The nation has marked the September 11 anniversary with varying intensity over the past six years.
Compiled by the U.S. News library staff
The one-year anniversary was marked in public and private services and remembrances around the country:
Having proclaimed September 11 "Patriot Day," President George Bush attended services at the three crash sites and delivered a nationally televised address from New York's Ellis Island that evening. At services held at the Pentagon, in Shanksville, Pa., and at the World Trade Center, moments of silence were observed, and the names of the victims were read; in Shanksville, the thousands who gathered joined the president and the first lady in the singing of the "Battle Hymn of the Republic," and at the World Trade Center ceremony, the Declaration of Independence and the Gettysburg Address were recited.
At the Washington National Cathedral, Archbishop Desmond Tutu held an interfaith service; the cathedral's bells tolled four times, marking the moments when the four hijacked planes crashed.
Some ceremonies included artifacts from the crash sites. In Albuquerque, two steel beams from ground zero were donated to the city and were later incorporated into a new bell tower for Sacred Heart Church. And, returning to New York, New Orleans's Gumbo Krewe distributed free gumbo at a renovated warehouse that exhibited homemade missing-persons fliers from New York after 9/11.
"Rolling Requiem" was a choral commemoration at which Mozart's "Requiem" was performed at 8:46 a.m. local time across 20 time zones, in 24 countries and 43 U.S. states, over 125 events, including ceremonies in Pasadena, Calif.; Tulsa, Okla.; and Annapolis, Md.
Polling 7,000 companies nationwide, the Society for Human Resources Management said that 32 percent of the survey's respondents would observe a moment of silence, 25 percent planned to fly flags at half staff, and 15 percent said they would provide patriotic pins for employees to wear.
The second anniversary was largely more subdued than the previous year:
President Bush attended a memorial service at St. John's Episcopal Church, a few blocks away from the White House, and later led a moment of silence on the White House's South Lawn at 8:46 a.m.; later that day, he stopped at Walter Reed Army Medical Center to visit troops recovering from wounds suffered in the war in Iraq. Vice President Dick Cheney, heeding New York Mayor Michael Bloomberg's request that he not attend the ground zero ceremony, attended an interfaith service honoring the Port Authority; the mayor was concerned that the vice president's security needs would have inconvenienced the World Trade Center victims' families.
Flags at Yankee Stadium flew at half-mast, and color guards from the New York City police and fire departments took to the field during the singing of God Bless America. In Kansas City, Major League Baseball's Royals offered their best available seats at no charge to police, firefighters, and emergency workers. And at the Tournament Players' Club golf course in Silvis, Ill., each hole flew an American flag instead of the traditional yellow numbered flag.
The Dalai Lama delivered an address on peace and religious tolerance at the Washington National Cathedral.
With the November presidential election looming, the third anniversary was commemorated in a politically charged environment:
Bells tolled at many ceremonies marking the third anniversary, including those in New York, Washington, Boston, Atlanta, and Oklahoma City; in many places, a simple moment of silence was observed.

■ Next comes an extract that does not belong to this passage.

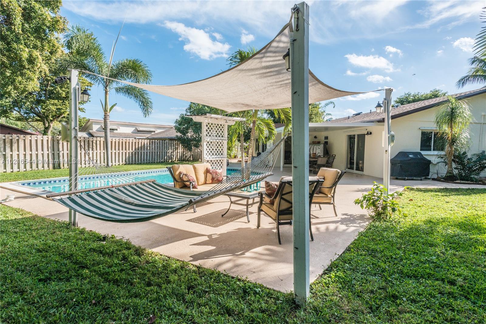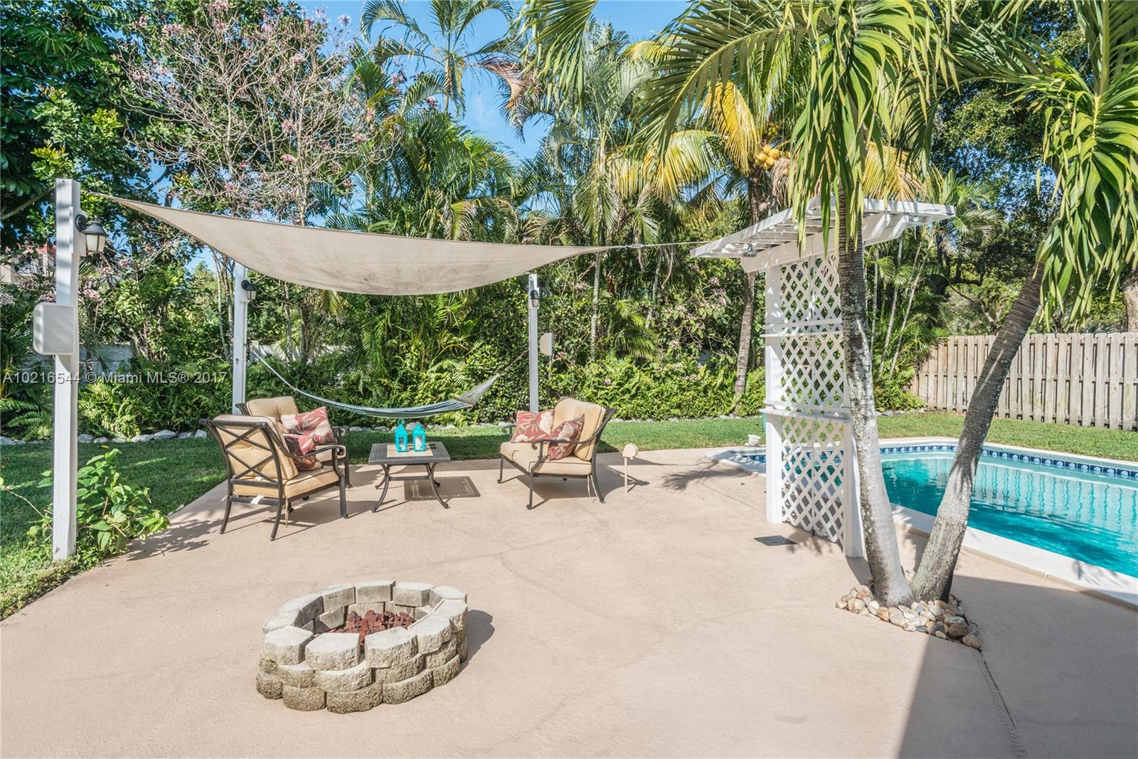 Escape to your own tropical oasis. This 3BD/2BA features all the comforts you expect in a home. Open layout makes for a flexible space. Kitchen has stainless steel appliances, eat-in kitchen and plenty cabinet space. Master suite has walk-in closet, sliding glass door overlooking pool deck, glass encased rain shower. Covered patio, sprawling backyard, gas firepit, sparkling pool, great to entertain. Landscaping provides privacy and tranquil breezes. Bring your pickiest buyer, home will not disappoint.

President Bush marked the anniversary with a live radio broadcast from the Oval Office; earlier that day, the president and first lady Laura Bush were joined by Vice President Cheney and his wife, Lynne, at a prayer service held at St. John's Church and a moment of silence on the South Lawn of the White House at 8:46 a.m.
In a four-hour ceremony at the World Trade Center, victims' parents and grandparents and others read the victims' names; at the Arlington County Courthouse, the bell tolled 184 times to honor those who perished at the Pentagon; and in Shanksville, Pa., a subdued ceremony was marked by the ringing of bells for Flight 93's victims as their names were called.